**TASK INSTRUCTIONS**
Only the records, exactly as written, belong in the answer; pictures do not.

Top of EXCERPTED DATA

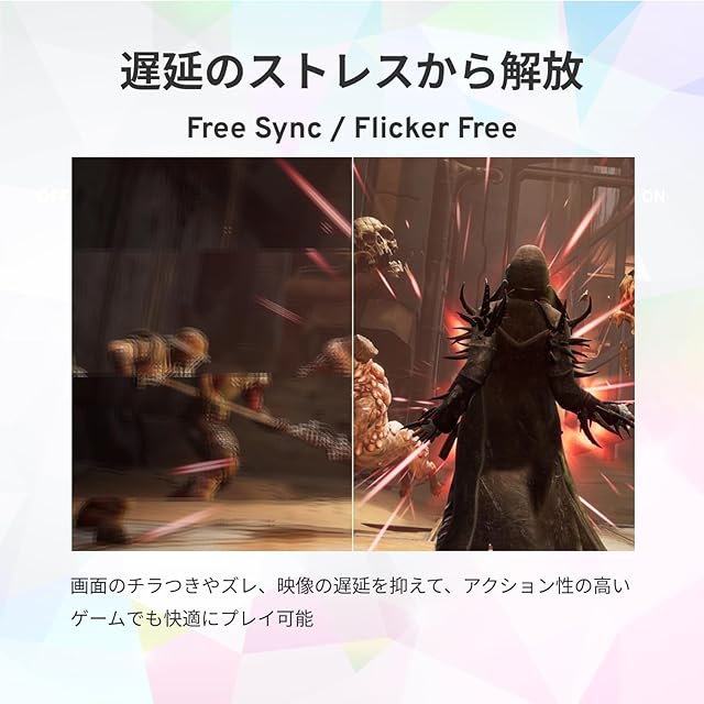 [機能] AMD FreeSync / Flicker Free / VESAマウント(75mm) / ブルーライトカット / Overdrive / Black Equalizer / スピーカー内蔵(3W ×2)
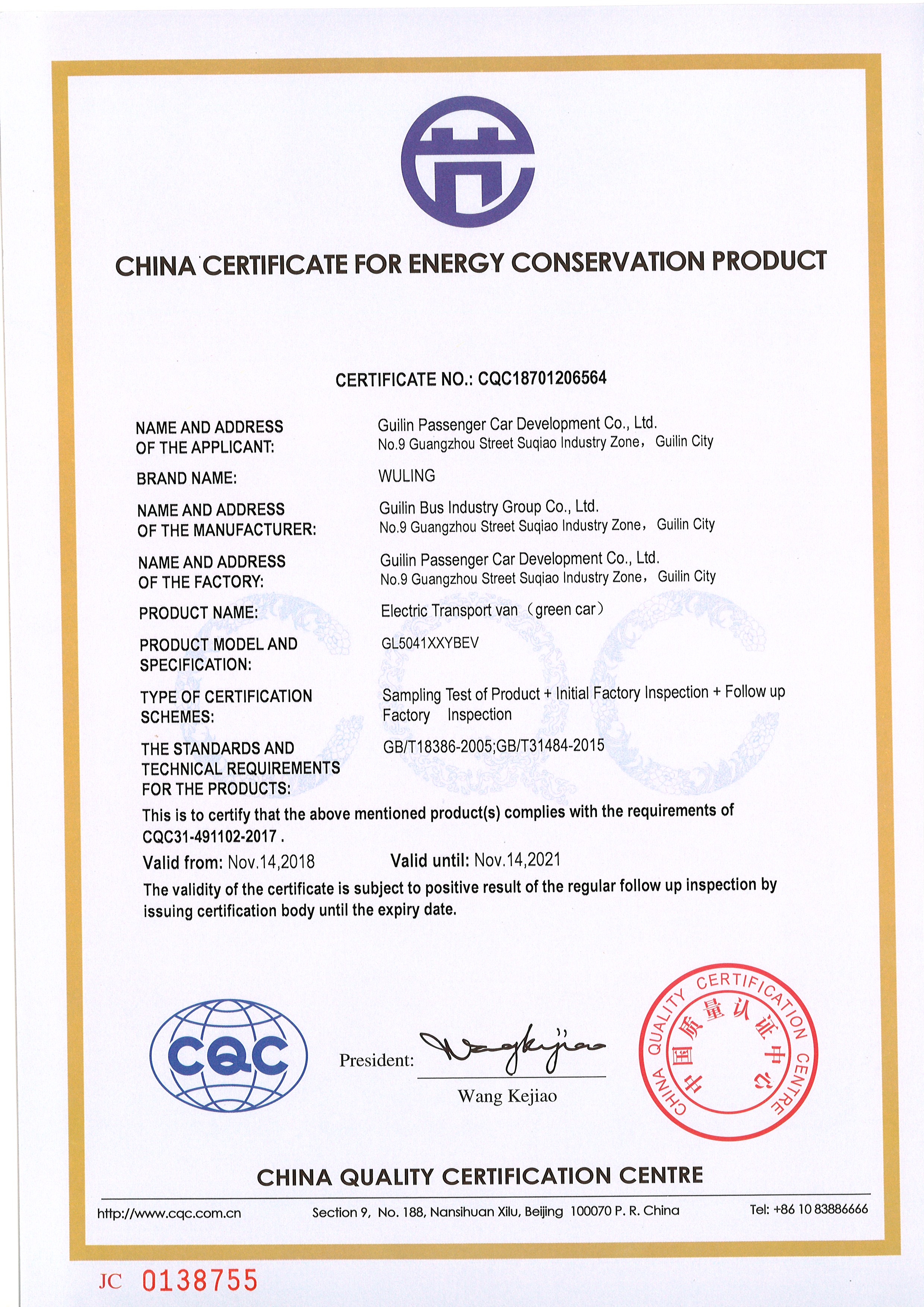 一款新能源城市客車、一款新能源廂式物流車通過中國質(zhì)量認證中心檢測,順利取得中國節(jié)能產(chǎn)品認證證書,也憑此進入了國家政府采購管理目錄中。
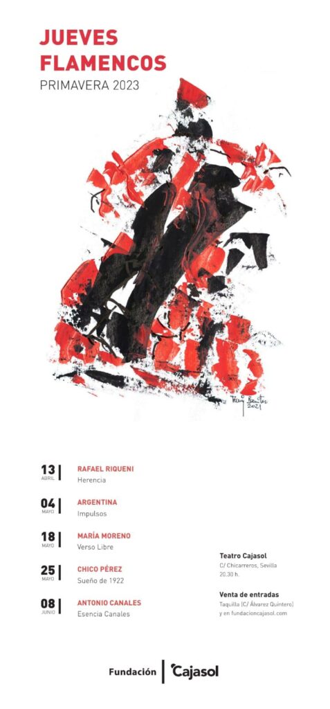 En esta ocasión, el veterano diseñador Toni Benítez, gran aficionado a los Jueves Flamencos, ha sido el encargado de crear el cartel del ciclo, inspirándose en la bailaora Manuela Vargas. Su trabajo es el resultado de los múltiples apuntes tomados al natural, durante la celebración de los espectáculos del Jueves Flamencos, a lo largo de los años.
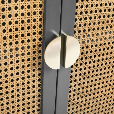 This traditional Amerian style cabinet keeping clutter under control effortlessly provides a perfect choice for you. Boasting a stream-lined appearance, this attractive work of art is a wonderful combination of MDF+ash wood veneer+pine legs,, ensuring a long life with perfect stability and durability. Being a considerate companion to your home decor, it’s hand-painted and incorporates special rattan woven, simulated wood patterns and retro elements on its surface, turning your room into an elegant and textured place instantly and best to show your noble taste. Simply open its double doors to reveal hidden areas, 1-shelves inside provide ample storage to sort out daily essentials conveniently, while the optional neutral hues make this stylish cabinet ideal to blend with your home decor in every style, helping you to create functional living room, dining room or bedroom storage.
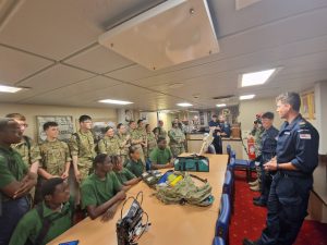 During the first three days the Cadets’ feet hardly touched the floor. It started with a visit to the British warship, HMS MEDWAY and a tour of all decks and capabilities, particularly as the ship had scored notable successes against drug traffickers in the Caribbean the previous week and the Cadets had the opportunity to handle both the weaponry involved, put on fire-hazard suits as well as sit in the Captain’s chair on the bridge! The Cadets were joined by a group of 10 ABDF Cadets on board which was the first opportunity to begin making new friends. The Commandant, meanwhile, checked the party in with the British High Commissioner and with the Resident British Commissioner, H.E Lyndsy Thompson, without whose help and invaluable support the trip would not have been possible.
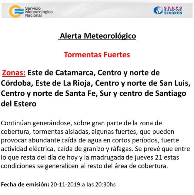 Pronóstico Emiten Alerta Meteorológico 20/11/2019 Por Redacción SH 390 Compartir FacebookXWhatsAppEmail La Estación Meteorológica que funciona en el Aeródromo de nuestra ciudad, emitió un Alerta ante la probable ocurrencia de tormentas fuertes que pudieran tener lugar en horas de la madrugada de hoy. Temaspronósticoservicio meteorológico nacionalSMN Compartir FacebookXWhatsAppEmail Relacionadas SAT: Alerta Naranja para las próximas horas 14/04/2026 SAT: Alerta Naranja para casi todo el lunes 05/04/2026 SAT: Alerta por lluvias para el martes 15/03/2026 Ultimas noticias Ruta Nº 34: Anticipan trabajos en los desvíos entre Sunchales y Ataliva 21/04/2026 LRF Senior – F2: Libertad volvió a ganar 21/04/2026 Acto por el Día del Idioma 21/04/2026
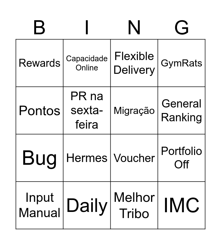 This bingo card has 31 words: Free!, Portfolio On, Portfolio Off, Online Journey, Rewards, Flexible Delivery, Migração, Sprint, Daily, Bees Strategy, Melhor Tribo, Input Manual, Ainda é Carnaval, Day Off, Hermes, Brewdat, Chamado, Missões, IMC, Oferta, Pontos, Club B, Score 5, Capacidade Online, Bug, PR na sexta-feira, GymRats, Voucher, PN, General Ranking and Hard coded.
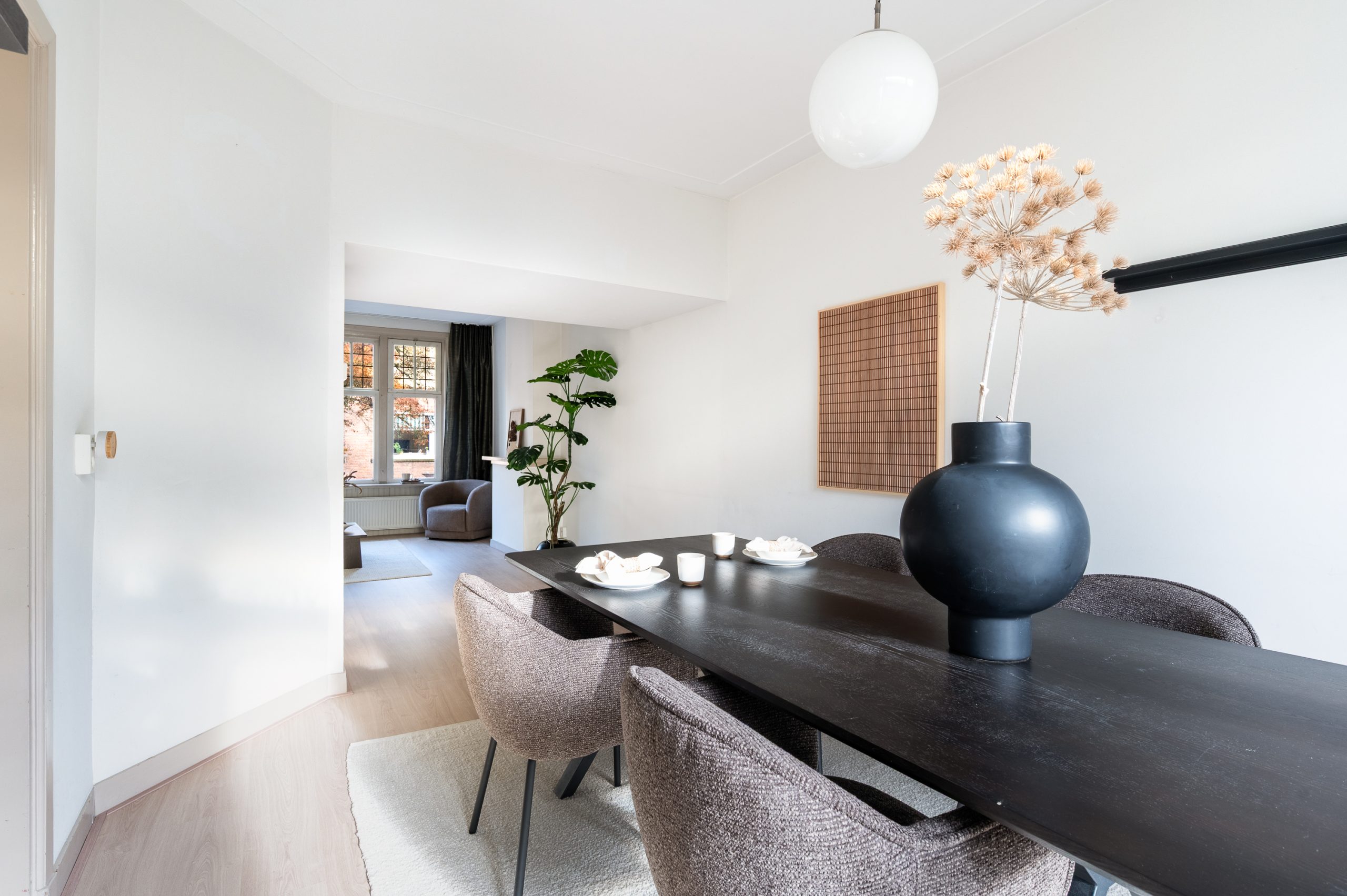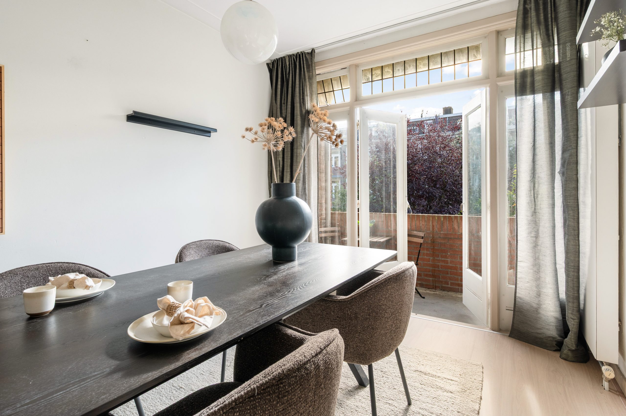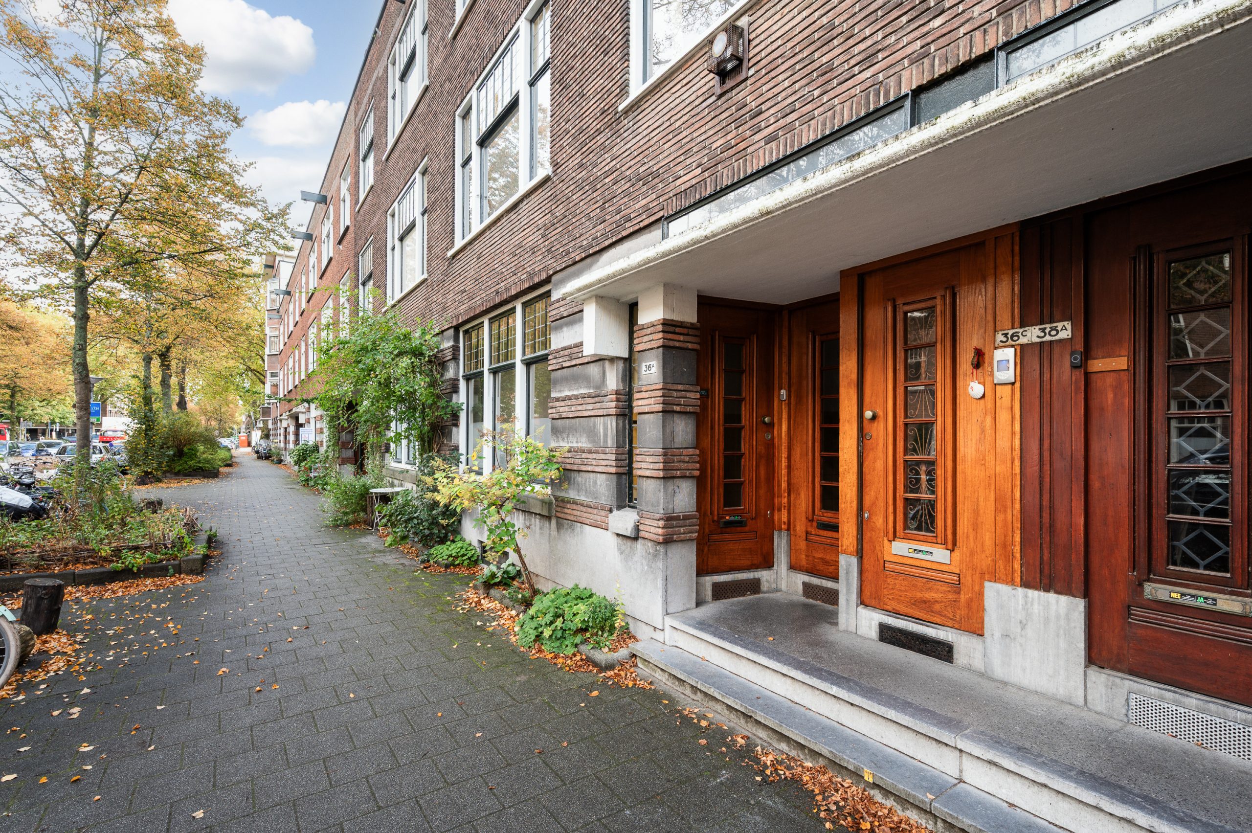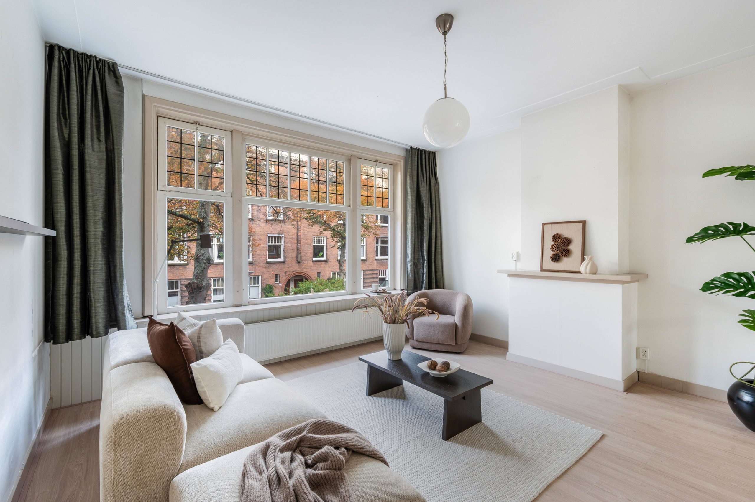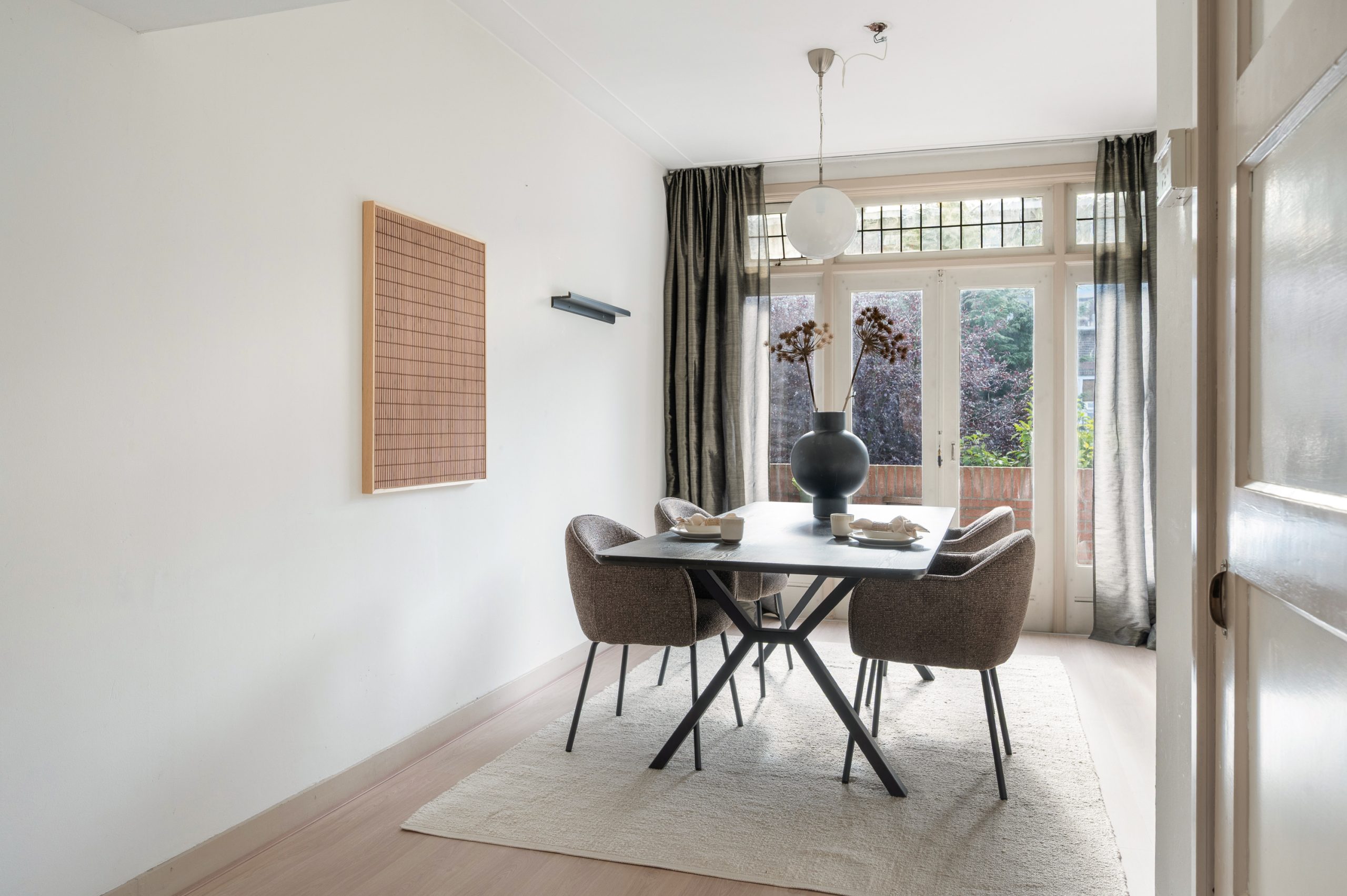 Overloop met vaste kasten en toegang tot alle vertrekken. De originele jaren ’30-details, zoals de lichte ornamenten, glas-in-loodramen en paneeldeuren, geven de woning een sfeervol karakter. Dankzij de L-vormige woonkamer met vaste kast (CV-opstelling) is de ruimte flexibel in te delen, met een mooie scheiding tussen het woongedeelte en eetgedeelte. Dit is ideaal als je de openheid van de leefruimten wilt behouden, maar toch een visuele scheiding tussen de ruimtes wenst. Via openslaande deuren gelegen in het eetgedeelte bereik je het balkon, gelegen op het zonnige zuiden. Hier kan je gedurende dag heerlijk genieten van de zon! De keuken beschikt over diverse inbouwapparatuur zoals een 4-pits gasfornuis met afzuigkap, oven en een vaatwasser. De master bedroom is gelegen aan de achterzijde van de woning. Dit is een ruime en lichte kamer en beschikt over een vaste kast. De lichte 2e slaapkamer is gelegen aan de voorzijde en is ideaal in te richten als kinder-, werk- of kleedkamer. De volledig betegelde badkamer beschikt over een douche, wastafel en een toilet.

Bottom of EXCERPTED DATA

**YOUR RESPONSE**
 [機能] AMD FreeSync / Flicker Free / VESAマウント(75mm) / ブルーライトカット / Overdrive / Black Equalizer / スピーカー内蔵(3W ×2)
 一款新能源城市客車、一款新能源廂式物流車通過中國質(zhì)量認證中心檢測,順利取得中國節(jié)能產(chǎn)品認證證書,也憑此進入了國家政府采購管理目錄中。
 En esta ocasión, el veterano diseñador Toni Benítez, gran aficionado a los Jueves Flamencos, ha sido el encargado de crear el cartel del ciclo, inspirándose en la bailaora Manuela Vargas. Su trabajo es el resultado de los múltiples apuntes tomados al natural, durante la celebración de los espectáculos del Jueves Flamencos, a lo largo de los años.
 This traditional Amerian style cabinet keeping clutter under control effortlessly provides a perfect choice for you. Boasting a stream-lined appearance, this attractive work of art is a wonderful combination of MDF+ash wood veneer+pine legs,, ensuring a long life with perfect stability and durability. Being a considerate companion to your home decor, it’s hand-painted and incorporates special rattan woven, simulated wood patterns and retro elements on its surface, turning your room into an elegant and textured place instantly and best to show your noble taste. Simply open its double doors to reveal hidden areas, 1-shelves inside provide ample storage to sort out daily essentials conveniently, while the optional neutral hues make this stylish cabinet ideal to blend with your home decor in every style, helping you to create functional living room, dining room or bedroom storage.
 During the first three days the Cadets’ feet hardly touched the floor. It started with a visit to the British warship, HMS MEDWAY and a tour of all decks and capabilities, particularly as the ship had scored notable successes against drug traffickers in the Caribbean the previous week and the Cadets had the opportunity to handle both the weaponry involved, put on fire-hazard suits as well as sit in the Captain’s chair on the bridge! The Cadets were joined by a group of 10 ABDF Cadets on board which was the first opportunity to begin making new friends. The Commandant, meanwhile, checked the party in with the British High Commissioner and with the Resident British Commissioner, H.E Lyndsy Thompson, without whose help and invaluable support the trip would not have been possible.
 Pronóstico Emiten Alerta Meteorológico 20/11/2019 Por Redacción SH 390 Compartir FacebookXWhatsAppEmail La Estación Meteorológica que funciona en el Aeródromo de nuestra ciudad, emitió un Alerta ante la probable ocurrencia de tormentas fuertes que pudieran tener lugar en horas de la madrugada de hoy. Temaspronósticoservicio meteorológico nacionalSMN Compartir FacebookXWhatsAppEmail Relacionadas SAT: Alerta Naranja para las próximas horas 14/04/2026 SAT: Alerta Naranja para casi todo el lunes 05/04/2026 SAT: Alerta por lluvias para el martes 15/03/2026 Ultimas noticias Ruta Nº 34: Anticipan trabajos en los desvíos entre Sunchales y Ataliva 21/04/2026 LRF Senior – F2: Libertad volvió a ganar 21/04/2026 Acto por el Día del Idioma 21/04/2026
 This bingo card has 31 words: Free!, Portfolio On, Portfolio Off, Online Journey, Rewards, Flexible Delivery, Migração, Sprint, Daily, Bees Strategy, Melhor Tribo, Input Manual, Ainda é Carnaval, Day Off, Hermes, Brewdat, Chamado, Missões, IMC, Oferta, Pontos, Club B, Score 5, Capacidade Online, Bug, PR na sexta-feira, GymRats, Voucher, PN, General Ranking and Hard coded.
 Overloop met vaste kasten en toegang tot alle vertrekken. De originele jaren ’30-details, zoals de lichte ornamenten, glas-in-loodramen en paneeldeuren, geven de woning een sfeervol karakter. Dankzij de L-vormige woonkamer met vaste kast (CV-opstelling) is de ruimte flexibel in te delen, met een mooie scheiding tussen het woongedeelte en eetgedeelte. Dit is ideaal als je de openheid van de leefruimten wilt behouden, maar toch een visuele scheiding tussen de ruimtes wenst. Via openslaande deuren gelegen in het eetgedeelte bereik je het balkon, gelegen op het zonnige zuiden. Hier kan je gedurende dag heerlijk genieten van de zon! De keuken beschikt over diverse inbouwapparatuur zoals een 4-pits gasfornuis met afzuigkap, oven en een vaatwasser. De master bedroom is gelegen aan de achterzijde van de woning. Dit is een ruime en lichte kamer en beschikt over een vaste kast. De lichte 2e slaapkamer is gelegen aan de voorzijde en is ideaal in te richten als kinder-, werk- of kleedkamer. De volledig betegelde badkamer beschikt over een douche, wastafel en een toilet.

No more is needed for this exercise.